Monkey Boy
Page 28
Nada us our nada as we nada our nadas. But there’s no Nada IPA on the menu, so I tentatively order the Spaceman IPA. The waitress, tall and trim in all black, reassures me that I’ve made a good choice. I order a grilled fontina and guanciale sandwich, too. She brings the beer, and I silently toast and drink to nada.
Up to fifth grade, Mamita always took us back to Guatemala City for the summers, and even though they were supposed to be our vacation months, we were always put in schools. For a few of those summers I was enrolled in the Colegio Ann Hunt. Ann Hunt was an expat from Alabama, and her husband, Scobie, owned travel agencies and tourist hotels. It was at the Colegio Ann Hunt that I encountered for the first time, in the school library, the phenomenon of strictly classifying writers by ethnicity and race. The shelves labeled “American” held books by writers from Alcott to Wolfe. The bottom shelves, inches above the floor, of two adjoining bookcases were labeled “Negro,” Baldwin to Wright, and “Jewish,” Bellow to Wouk, the lower parts of those book spines scuzzy with the dust of broom sweepings. Latino/Latina, or Hispanic, or however Ann Hunt might have labeled it, wasn’t on her map yet, and neither were Asian, Native American, etcetera. What would Ann Hunt’s library be like now, if she were still alive and her mania for disaggregating and classification had never slackened? Ever-expanding, infinitely bifurcating? Now I know that Ann Hunt was a pioneer of the American multicultural book business, however inadvertently. She should have gotten a medal.
“In a hypercapitalist society like this one, this commodification of ethnicity and race is both inevitable and good business, much better than just dispersing these writers like multi-colored sprinkles into our more established commercial batters, but you do have to be clear about what you’re selling. Somebody buying a novel in our coveted Guatemalan-American niche doesn’t want to be surprised to find a bunch of Jews and half-Jews in there.” I didn’t foresee, when I published my first short stories, how easy I could have made things for myself by publishing under my mother’s maiden name, Montejo, as other writers in situations like mine have done. Then I thought that as I’d already published under Goldberg, altering it would be shameful, as if admitting it bothered me to be thought of as only Jewish. I was jealous of Jewish writers and half Jews whose last names didn’t sound Jewish, all those Millers and Bakers, Mailer, Salinger, and Proust. Or writers who simply changed their name and paid no price in shame or ridicule, James Horowitz to James Salter, who said he hadn’t wanted to be typecast as “another Jewish writer from New York.” Could it really be possible that Frank Gehry would have had fewer important architectural commissions if he’d kept his name, Frank Goldberg?

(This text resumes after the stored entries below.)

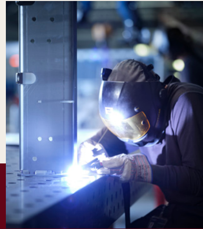
Grow with Excellence
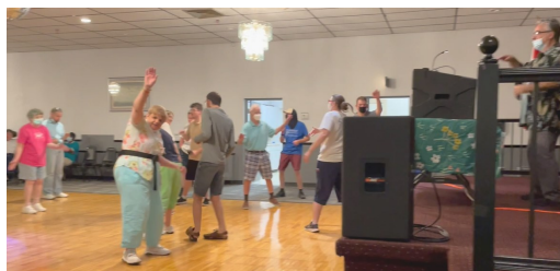
The dance floor was hopping at our Summer Dance!
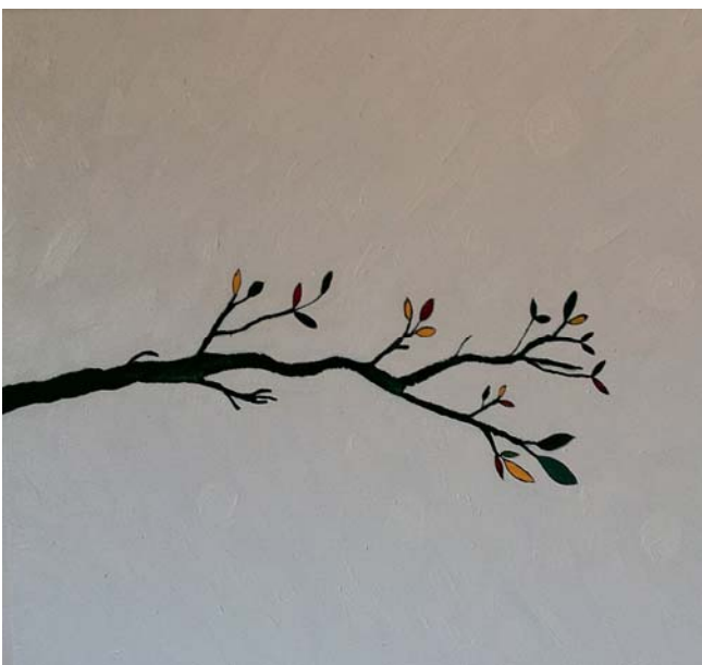
Isabela's spring. 2011. Acrylic on canvas. 61 x 45.5 cm.
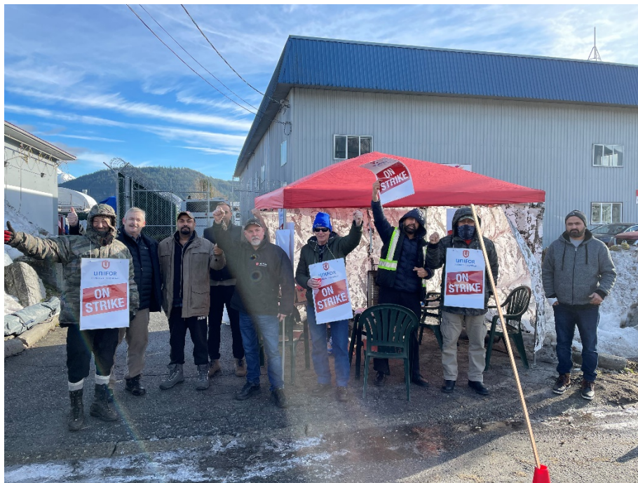
Squamish Transit Members Local 114 on Strike

More Photos at https://www.facebook.com/media/set/?set=a.275133844704342&type=3

It was only about a year ago, when I read an essay about Natalia Ginzburg and her youth as an Italian girl in Turin with a Jewish last name and Catholic mother, a girl from a stalwartly anti-Fascist family, longing to fit in with her Catholic schoolmates, almost all from Fascist families, that I understood my own longing to fit in was normal enough, as was the loneliness of not fitting anywhere. Natalia wrestled with that kind of sadness and exclusion, which she privately referred to as “pathos ebraico.” Whenever I read her I’m reminded that it’s okay to be always an outsider.
Once, when Gero Tripp and I were in Spain on a brief working vacation with Teresa Fijalkowski—she was editing both our books that summer and had invited us to the house she was renting near Bilbao—Gero joked that whatever country I went to, the people from that country always saw me as being of whatever brown ethnic group was most despised there. In Spain I was called moro everywhere I went. Even in Guatemala, a husky blondish drunk, in the Bar Quixote, insulted me as a morenito de mierda and took a wild swing at my head. On the Paris metro a group of working-class young thugs in tracksuits followed me off the train car imitating cartoon Arab music. Only back in November, in another bar on the outskirts of Carroll Gardens where I’m friendly with Deandra the bartender, on a night when I was the last customer, three small-time wise guy clichés right out of Goodfellas came in and almost right away started in on me: Hey, you Rican? You Nuyorican? Hey Rican, don’t make like you don’t fucking hear me. On and on like that. I was sitting down at the very end of the bar. Deandra came over and said in a lowered voice: Don’t say anything, don’t move, I’m going to phone the police. Like I was about to say anything. But they must have heard her say police, because they drank up and snaked right out the door.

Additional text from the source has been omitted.